DATA SHOWN: Begin

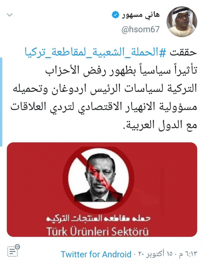 وكتب مسهور في تغريدة له على "تويتر" رصدها " المشهد العربي":" حققت الحملة الشعبية لمقاطعة تركيا تأثيراً سياسياً بظهور رفض الأحزاب التركية لسياسات الرئيس أردوغان".
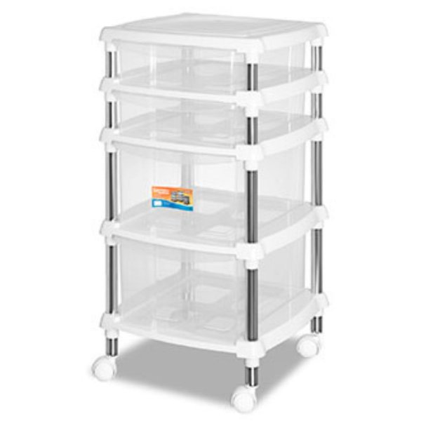 Gaveteiro 2G + 2P Branco e Transparente Com Rodízios Giratórios
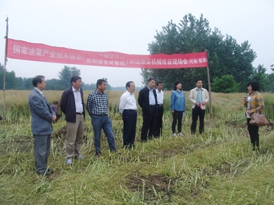 國家油菜產(chǎn)業(yè)技術(shù)體系信陽(yáng)綜合試驗站召開(kāi)雙低油菜簡(jiǎn)化高效生產(chǎn)技術(shù)示范與機械收獲現場(chǎng)觀(guān)摩會(huì )
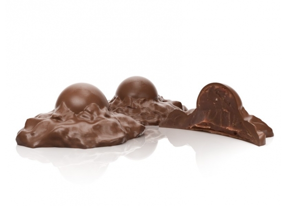 De melkchocolade brengt de smaken door zijn milde en tegelijkertijd ook delicate aroma geassocieerd met hazelnoot in een heerlijke ganache.

DATA SHOWN: End

WORK ITEM: Begin at the line containing "國家油菜產(chǎn)業(y" and restate exactly every line through the end of the material, skipping the pictures.

OUTPUT OF THE EXERCISE:
 國家油菜產(chǎn)業(yè)技術(shù)體系信陽(yáng)綜合試驗站召開(kāi)雙低油菜簡(jiǎn)化高效生產(chǎn)技術(shù)示范與機械收獲現場(chǎng)觀(guān)摩會(huì )
 De melkchocolade brengt de smaken door zijn milde en tegelijkertijd ook delicate aroma geassocieerd met hazelnoot in een heerlijke ganache.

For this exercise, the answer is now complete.